As the LGBTQ community grows and gathers steam, it’s only natural that the genre would start to split into sub-genres. Still, these books rarely get to the forefront — and finding books in different cultures is borderline impossible. We have your back, though. Here are 8 Asian and Pacific Islander queer books to start reading.
1. I Can’t Think Straight by Shamim Sarif
Tala, a London-based Palestinian, is about to be married in an elaborate Middle-Eastern wedding. She loves her husband-to-be, but can’t shake the feeling something is missing. Leyla, a British Muslim woman is dating her best friend with similar feelings. The two woman couldn’t be more different: Tala is headstrong, while Leyla is shy, but their attraction threatens to tear their lives down and build them anew. This book especially draws on the contrast between West and East, as well as the conventions and being true to oneself.
2. Huntress by Malinda Lo
This book tells the prequel story to bestselling lesbian fantasy Ash. Pulling from Asian influences as well as European, it tells of two girls, Kaede and Taslin, who are chosen to go on a journey to repair nature’s imbalances. They represent yin and yang: one wordly and rooted in the earth, while the other is a sage, filled to the brim with magic. They depend on each other to survive, and eventually fall in love. But the Kingdom needs only one Huntress to save it…
3. Babyji by Abha Dawesar
Probably the most erotic of the books in this list, Babyji explores teenager Anamika’s budding sexuality as well as her sharp intellect, which leads her into rather adult situations in Delhi, India. Faced with all sorts of difficult questions, internal and external: Babyji is intense. It’s also funny, wise, disturbing, and enlightening. Trigger warnings for non-consent situations.
4. Prairie Ostrich by Tamai Kobayashi
Prairie Ostrich is about family as a collective. Egg’s family lives on an ostrich farm, where they are grieving Egg’s brother’s death. World War II is always lurking on their consciousness as well, because of forced Japanese Canadian re-locations. Egg’s sister Kathy is desperately trying to keep the family standing, and she does so by shielding Egg from the world. But she has her own demons, such as being a lesbian in such a trying time. The book grows from these heartbreaking points, showing some wonderful insight from the author.
5. Bodymap by Leah Lakshmi Piepzna-Samarasinha
The only collection of poetry on this list, the author offers some extremely personal views on growing up a queer person of color in North America. The book is divided into five sections: Evidence, Crip World, Hard Girls, Wrong is Not Yours, and Ancestry. It’s already clear by the names of these sections on how deep the author goes into sexuality and identity, as well as the politics of it all. A great deal of healing can be found in these poems.
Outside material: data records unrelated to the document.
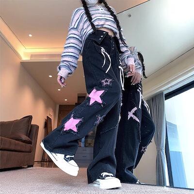 ジーンズ リアル ストリート ワイドパンツ ジーンズ レディース ハイウエスト ワイドパンツ スター デザイン サブカルチャー パンツ ?国ファッション
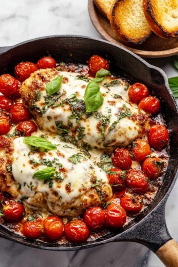 Place the chicken breasts right in the center of a 12” oven-safe skillet. Scatter your juicy tomato mixture all around the chicken, then slide it into a hot 425°F oven. Bake anywhere from 18 to 24 minutes until the chicken hits 165°F internally. Then sprinkle mozzarella over the top and bake until melted—just a couple more minutes and you’ve got golden, bubbly cheese perfection.
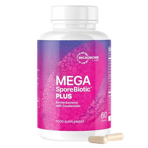 Microbiome Labs MegaSporeBiotic Plus with Antioxidants - Spore Based Probiotic, Active Bacteria Supplement to Boost Akkermansia, 4 Bacillus Strains for Gut Health - Vegan Probiotics (60 Capsules)
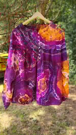 Dyed in radiant swirls of violet, amber, and magenta, this blouse feels like dawn breaking across your skin. A statement piece you can float through the day in, whether you’re layering it up or letting it shine on its own. 🌞✨

6. Tahuri by Ngahuia Te Awekotuku
Tahuri is a collection of coming-of-age short stories about two women from Maori. Tahuri and Wheri are in the process of finding out they are lesbians in New Zealand. Some of these stories are deeply personal and gentle, and some convey the harsh reality of what happened to the Polynesians when settlers came to colonize New Zealand. (A trigger warning is needed for this work as well.) The end result is a feminist, native empowering anthology.
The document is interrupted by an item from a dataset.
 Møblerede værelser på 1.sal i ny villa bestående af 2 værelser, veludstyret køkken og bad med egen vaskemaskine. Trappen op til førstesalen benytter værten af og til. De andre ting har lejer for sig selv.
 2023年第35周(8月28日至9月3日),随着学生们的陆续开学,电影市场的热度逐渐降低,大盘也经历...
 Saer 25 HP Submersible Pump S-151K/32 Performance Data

7. Shortcomings by Adrian Tomine
People wouldn’t expect this category to have a graphic novel, but it does. A very politically charged one, too! Tomine is brutal with his honesty: it’s like watching an awkward moment in slow motion. There is very much a separation between queer and straight, Asian American and white, and the phobias and unfair judgement in between. It ends happily, but prepare for a lot of racially and sexuality charged moments beforehand.
8. When Fox Is A Thousand by Larissa Lai
When Fox Is A Thousand is a HUGE undertaking. Epic, lyrical, and just like a fairytale, the book wraps three storylines: Yu Hsuan -Chi, a real ninth century Taoist poet executed for murder, the mythological fox, who is nearing a thousand years old, and Artemis, a young Chinese Canadian woman living in Vancouver. Lai weaves Chinese politics, mythology, and social justice from all of these time periods together for an amazing tale.
Have you read any of these books? What other LGBTQ books have you read from different backgrounds?